Trying to define it through the available repertoire of words and expressions, we destroy it, for we cause the differences to vanish. We reduce everything to a common denominator. And this, essentially, culls out and emphasizes what is shared and evident, such as vertical and horizontal, black and white, light and dark, silence and sound. It is a more comprehensible yes/no, a kind of dispensation from searching, thinking, gaining knowledge, interpreting. It levels the nuances, the chiaroscuro, and everything that distinguishes, individualizes, gives a distinct face to things that only superficially appear to be identical.
Another way past these clear and enduring categories that give us the illusion of constant support is to break through their tyranny. This is a path that runs “in-between” extremes—which are actually forced to converge, as night and day do. The grounds for this encounter is unclear, flickering, ineffable, like an attempt to tell the story of a dream, a hallucination. Instead of those clear categories of time and space, lines and segments, it offers the confusion of vague contours, a whole repertoire of semi-gestures, whispers, rustling sounds and eclipses, shapes poking out from the gloom.
Sharp edges and rims, streaks of light and the shape of a shadow, rings, semicircles, and concavities—these are like footholds, pretexts from which one might begin wandering into the unknown, into the depths of one’s own experience.

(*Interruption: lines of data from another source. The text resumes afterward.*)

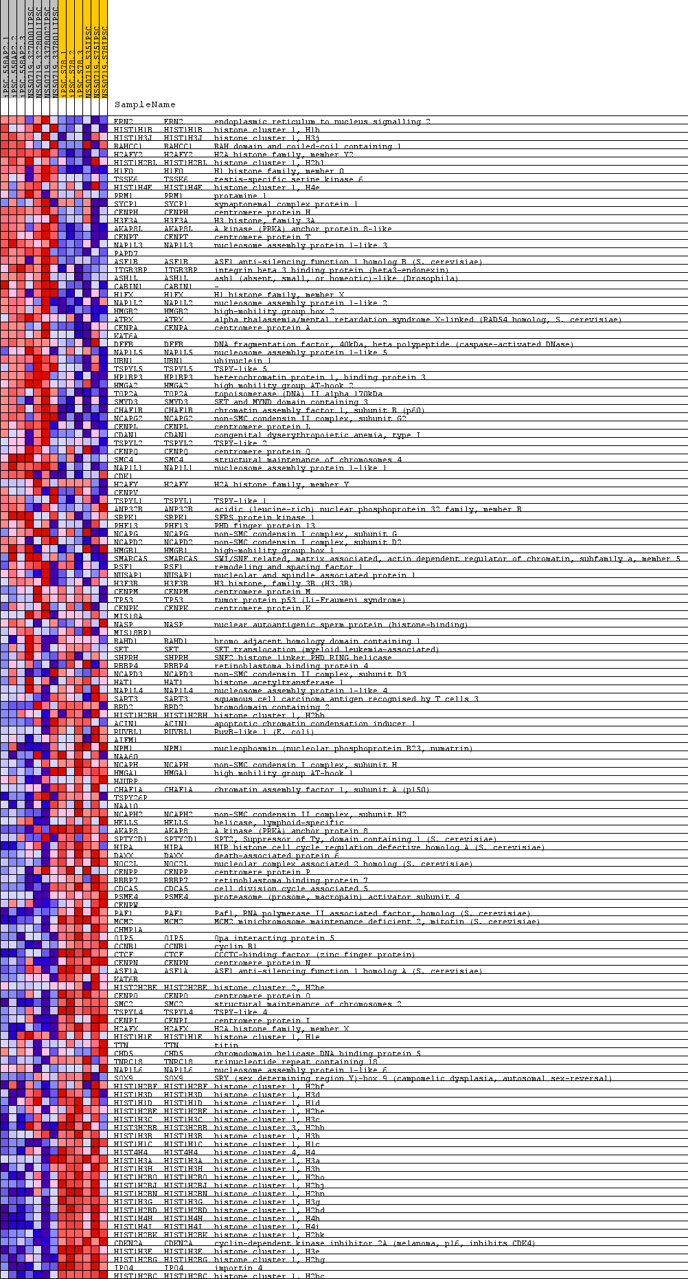 | 127 | HIST1H3A | HIST1H3A Entrez,  Source | histone cluster 1, H3a | 19137 | -0.996 | -0.5039 | Yes |
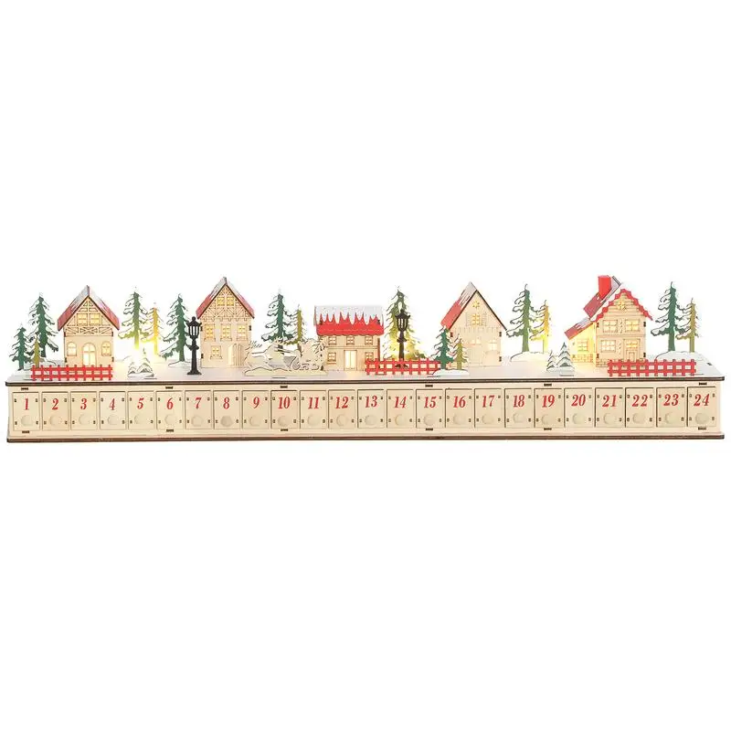 Wood Effect Advent Calendar with 24 Countdown Drawers & LED Lights, Battery Operated Holiday Countdown Decoration
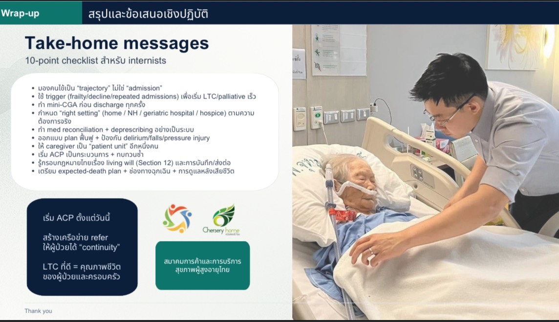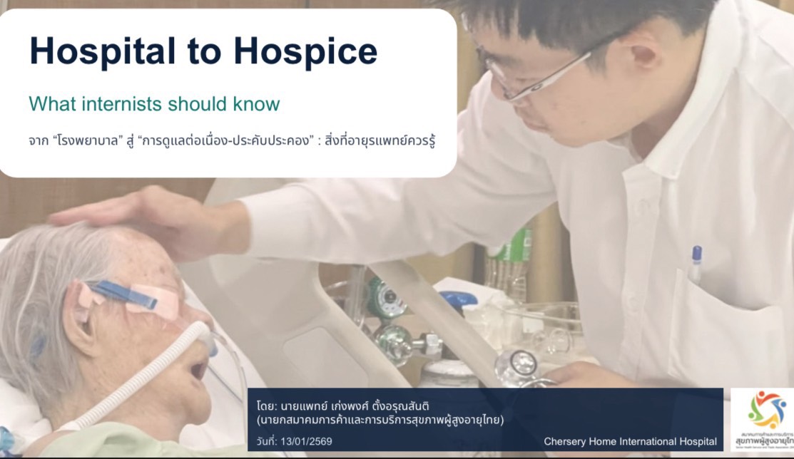 ขอขอบพระคุณ รศ.นพ. ฉันชาย สิทธิพันธุ์ อดีตคณบดีคณะแพทยศาสตร์ จุฬาลงกรณ์มหาวิทยาลัย และภาควิชาอายุรศาสตร์ คณะแพทยศาสตร์ จุฬาลงกรณ์มหาวิทยาลัย รวมถึงศูนย์ชีวภิบาล โรงพยาบาลจุฬาลงกรณ์สภากาชาดไทยที่ได้ให้โอกาสและเกียรติอย่างสูงยิ่ง ในโอกาสที่นพ.เก่งพงศ์ ตั้งอรุณสันติ อายุรแพทย์ ผู้อำนวยการรพ.ได้มาแบ่งปันประสบการณ์ในการพัฒนางานการดูแลผู้สูงอายุต่อเนื่องและการดูแลประคับประคอง Palliative care ผ่านงานของโรงพยาบาลผู้สูงอายุ Chersery Home International และงานของสมาคมฯ ในวันนี้เป็นเป็นอย่างยิ่ง
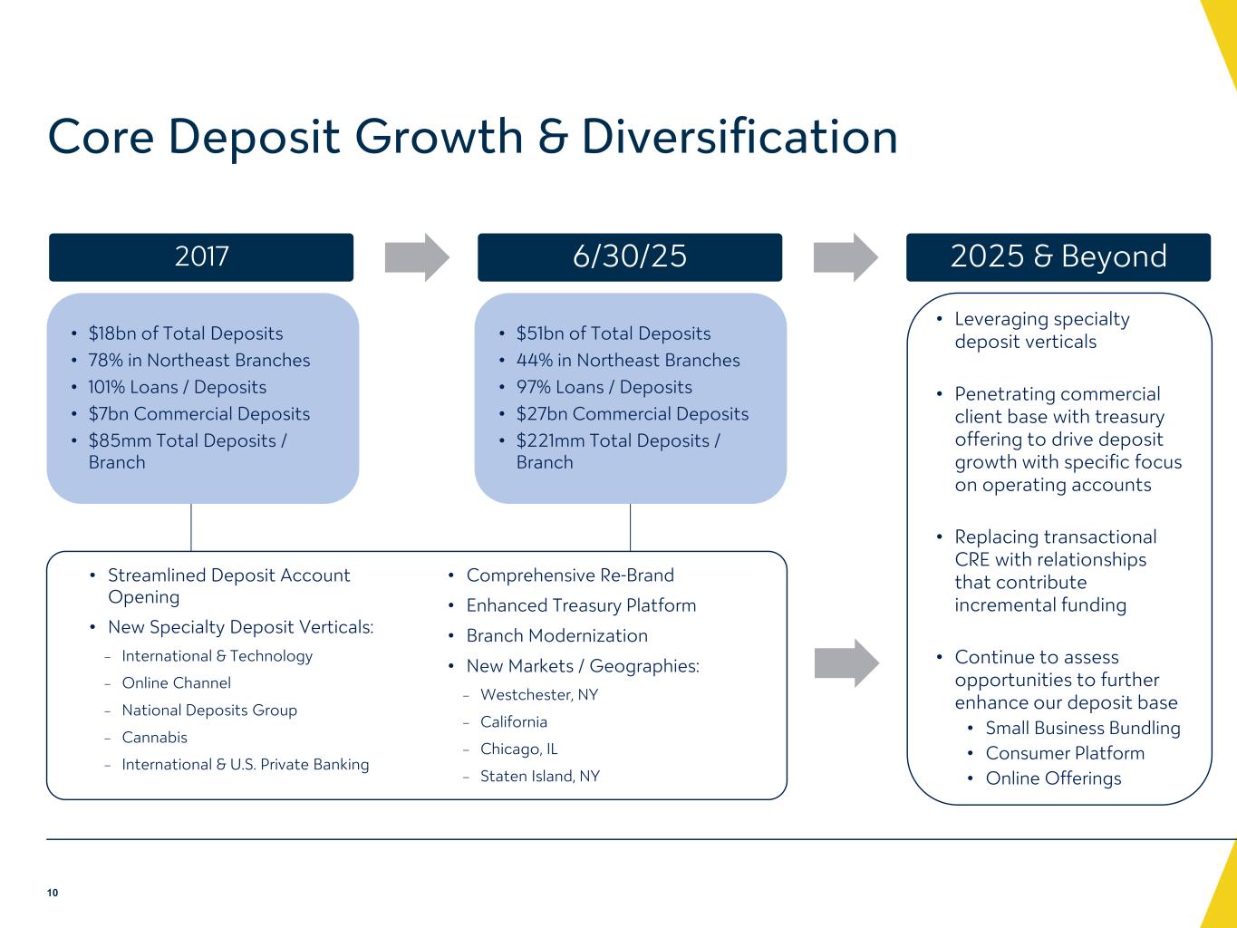 -預金預金残高:2025年6月30日現在の総預金残高は、2025年3月31日現在の500億ドルから7億5,940万ド ル増加し、507億ドルとなりました。これは主に、2025年第2四半期中の直接および間接(仲介)顧客定期預金の 増加によるものですが、貯蓄預金、NOW預金、短期金融市場預金のカテゴリーにおける特定の間接顧客預金の流 出により一部相殺されました。2025年6月30日現在の無利息預金は、2025年3月31日から1億1,820万ドル増加し、117億ドルとなった。詳細は後述の「預金」の項を参照のこと。
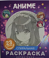 Аниме. Спиральная раскраска-антистресс с наклейками
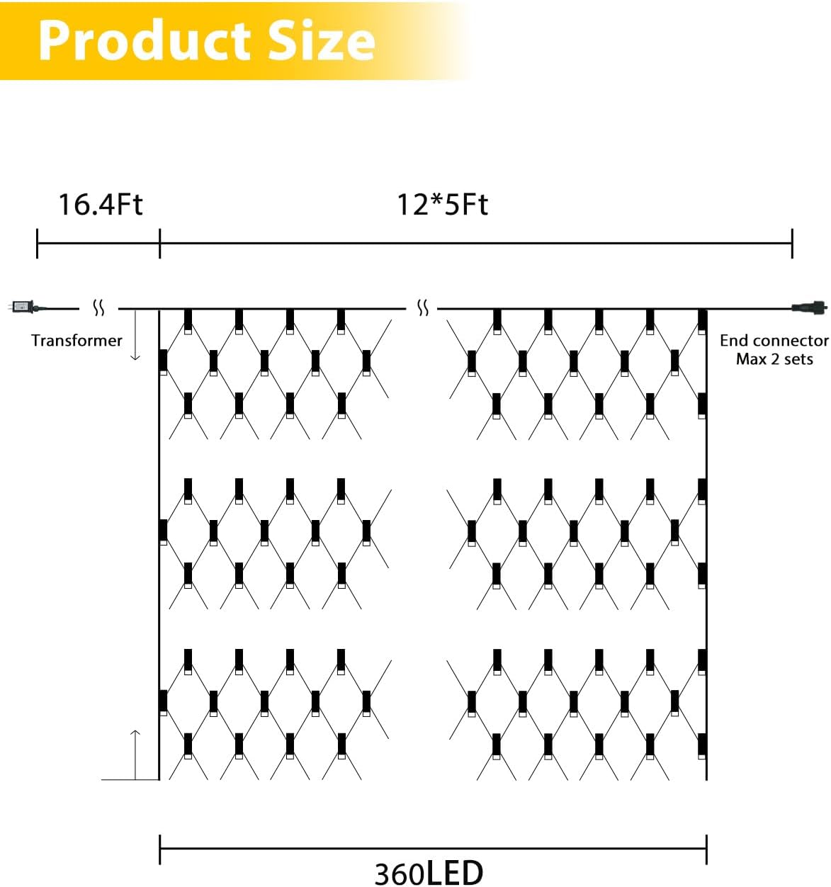 Versatile 8 Modes and Timer Function: Offers 8 different lighting modes to suit various occasions, moods, and holidays. Can be timed to stay on for 6 hours, making it convenient for everyday use. High Quality and Safe: 360 solid construction plastic LED bulbs with UL 588 certification and rated low voltage. Perfect for Indoor and Outdoor Decorations: Ideal for decorating trees, bushes, patios, balconies, bedrooms, windows, and more. Can create a cozy and festive atmosphere during festivals, parties, weddings, and events. Extendable and Reliable: Designed with a Male and Female Safe Plug, enabling you to connect up to 2 sets light chains. IP44 rated wire and bulbs that can withstand various weather conditions. Must-have Christmas Net Lights for Bushes: These net lights for bushes are an asset to your holiday decor collection. They're efficient, beautiful and are the perfect option for those looking for bush Christmas lights outdoor net or net Christmas lights for bushes. Get your hands on these LED net lights for bushes for the ultimate Christmas decor!
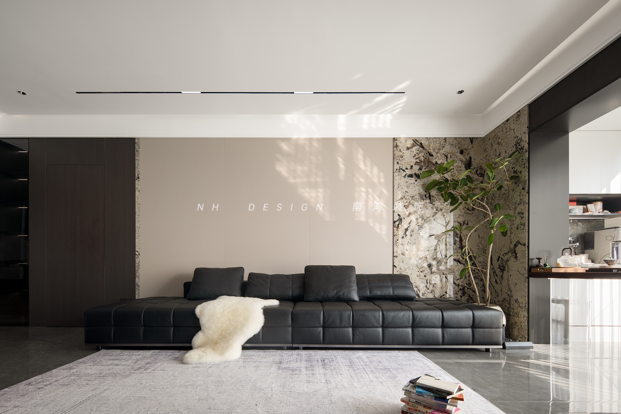 客厅以经典的意式笔法,构筑深与浅、理性与温度的平衡。墙面铺陈硬包、石材,利落线条语言带来清爽之感。精选黑色直排沙发,体型流畅饱满,有力烘托时尚商务氛围。
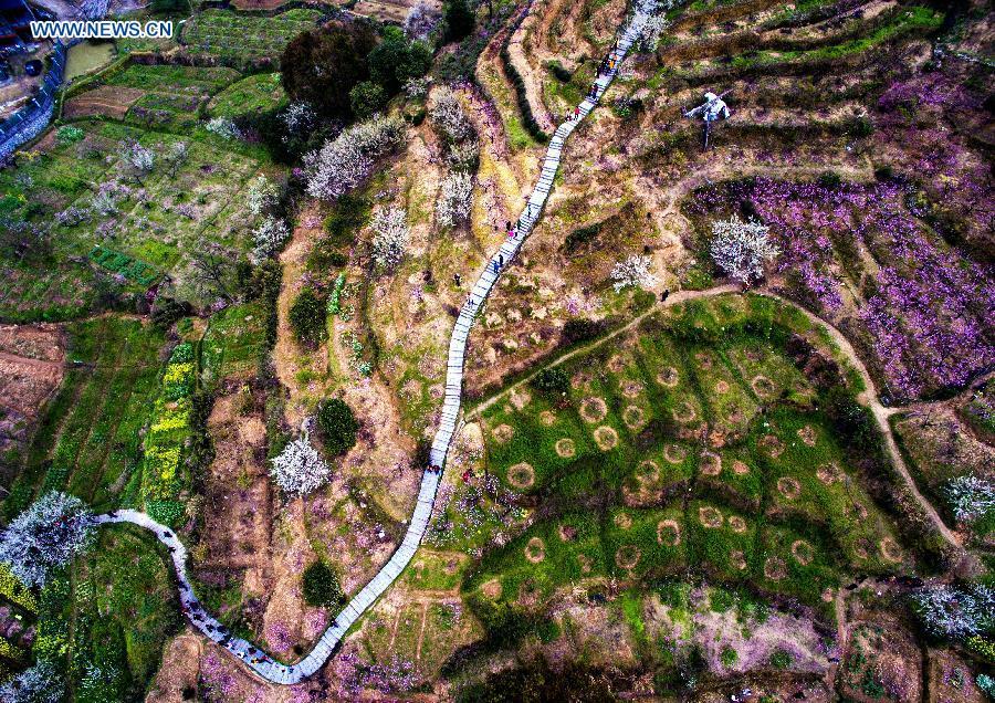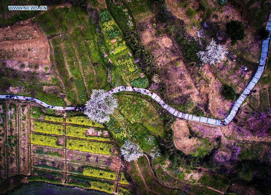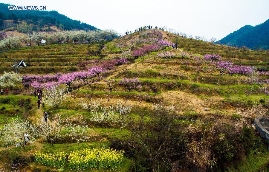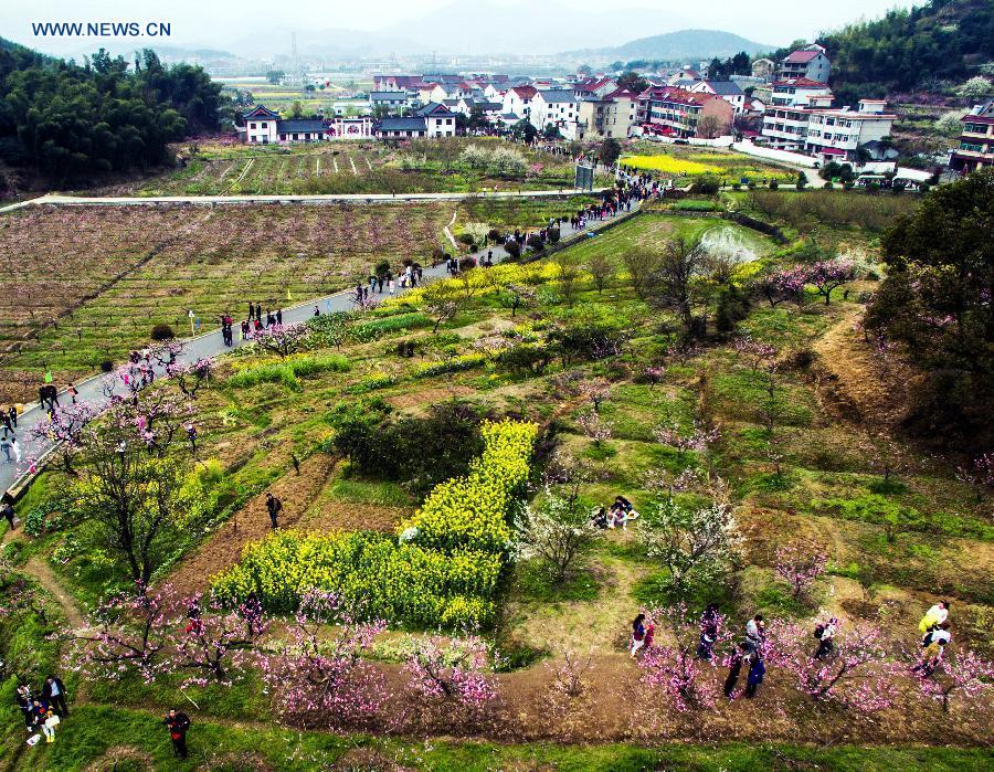 Photo taken on March 23, 2015 shows the scenery in Yangshanfan Village in Tonglu County of Hangzhou City, capital of east China's Zhejiang province. Various flowers blossom during Spring in Tonglu, attracting tourists to visit the County and promoting the local tourism. (Photo: Xinhua/Xu Yu)

This is the road on which the memory industriously blurs contours and colors. In clearing a path to find one’s own way, one needs directions, signs, and hints. One needs to find them, to recognize them, and to be able to use them skillfully.
The road in-between need not be a clear trail, one that can be rationally pinned down from beginning to end, it can also be a legend or a myth, a word that remains a mystery. As in a children’s counting game; as in garbled or half-heard names. Like a message hidden in a word calling a previously unknown space into existence—like conjuring up a space that never existed, contained in the sound of an unfamiliar word: hatakma.
Michał Budny
Untitled, 2021
black rubber, waterproof plywood
6 parts, total 251 x 270 x 270 cm (98 3/4 x 106 3/4 x 106 3/4 in.)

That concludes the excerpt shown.